Breast Cancer Histopathology Image Classification Based on ResNet50 Enhanced with Deep Transfer Learning Technology
WeiSong Zhao, Jiake Lv, H. Zhang · 2024
Breast cancer is the most prevalent cancer globally and presents a significant threat to human health. The low survival rate for advanced stages highlights the importance of early and accurate diagnosis. Pathology images, providing insights into cancer's cellular aggressiveness, are crucial for breast cancer diagnosis. Advances in deep learning have transformed automated medical image diagnosis. However, traditional deep learning methods, reliant on large labeled datasets, face challenges with the typically small size of medical image datasets. To overcome this, our study combines deep transfer learning (DTL) with convolutional neural networks(CNN).

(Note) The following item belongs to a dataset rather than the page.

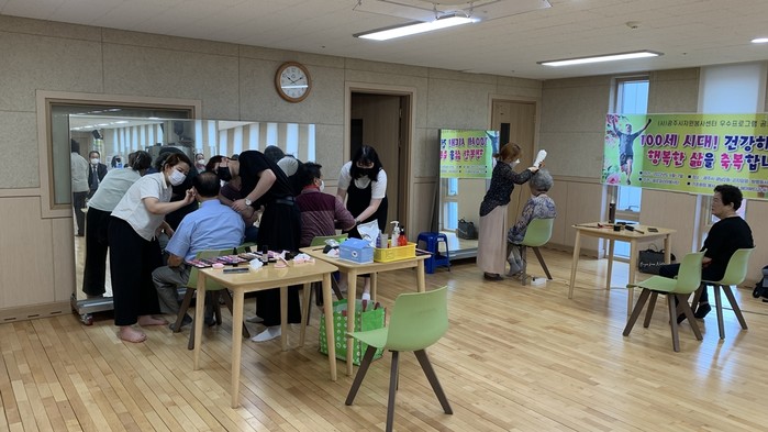 경기 광주시 경안동·쌍령동 지역사회보장협의체는 최근 필로칼리아봉사단과 동원대학교 헤어뷰티과 학생들, 스튜디오 사진작가의 재능 기부로 지역내 노인 24명을 대상으로 무료 장수 사진 촬영을 진행했다. 사진은 이날 대상 노인들이 장수 사진 촬영을 준비하고 있는 모습. (사진제공=광주시청)

We utilize and enhance a ResNet50 model pretrained on a large dataset. Additionally, we apply four different deep transfer learning methods to feature extraction and classification of the BreakHis dataset, aiming to determine if breast cancer is benign or malignant. Ultimately, our system achieved the best average accuracy rates under four different magnifications: 98.57%, 96.83%, 97.76%, and 97.16%. These results demonstrate the accuracy and potential of deep transfer learning in classifying breast cancer histopathological images and its promising application in tumor prediction.